"The shortage of quality, late-model used cars on the market, combined with the many excellent 'deals' available from manufacturers on new cars, has led to declining demand for used vehicles," said TransUnion Auto Information Solutions CEO Mike von Höne.
The number of one and two-year-old models available for resale had dropped due to a decline in new vehicle sales in 2009 and 2010.
"At the same time, the fall in the rate of new-car inflation from more than 10 percent in 2009 to less than five percent in 2010 and the first half of 2011, has resulted in a narrowing of the price gap between new and used cars."
The ratio of used to new cars financed dropped from 1.95 used for every new car financed in the first quarter of 2011, to just 1.63 used to new financed.
However, the number of used vehicles financed in the second quarter of 2011 was up 24 percent from the previous quarter. According to the index, new and used-car inflation was slower than in the second quarter.
The index, which measures the year-on-year price increases of a market-weighted basket of new and used vehicles, shows new-car inflation at four percent for the second quarter.
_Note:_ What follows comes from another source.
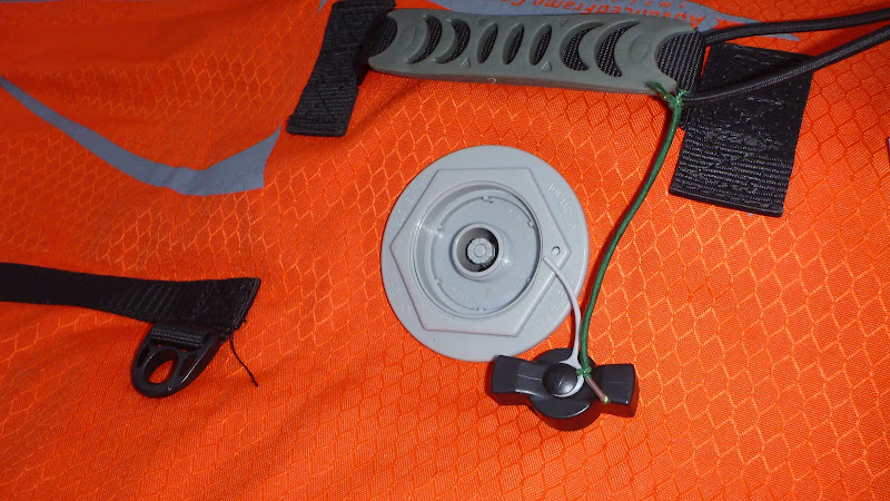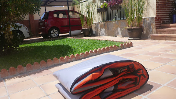 Incluye cubiertas para una y dos personas, dos cubrebañeras de la marca advanced elements ( http://goo.gl/hXNhl ) e hinchador de mano de doble acción Tribord. El kayak es una gozada, quién dude que mire opiniones por internet, es de los mejores hinchables que hay, si no el mejor. Unico desperfecto: la cuerdecita que sujeta uno de los tapones se rompió, solucionado de forma casera (última foto). Precio total del conjunto (en decathlon) 1035€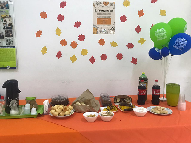 Na semana do Thanksgiving Day, os alunos da inFlux Uberlândia Centro foram convidados para celebrar essa data tão linda com a equipe da unidade. Foi um dia para expressar gratidão por todas as coisas boas que aconteceram ao longo do ano, e para isso, cada aluno trouxe um lanchinho para compor a mesa e agradecer o ano de 2019 juntos.

That was higher than the rate of 3.7 percent in the first quarter.
Used-car inflation slowed from 3.4 in the first quarter to 3.1 percent.
"It's the slowest rate of increase since 2009 when used-car price deflation was a regular occurrence."
Both new and used inflation was lower than consumer price inflation which was 4.6 percent in May up from 4.2 percent in April.
Von Höne said the disruption of the Japanese vehicle manufacturing sector following the earthquakes and tsunami in March had no effect on new vehicle sales or pricing in South Africa.
"There have been some delays in component availability, which affected local manufacturers' ability to produce new vehicles, but this situation is not expected to continue for much longer," he said.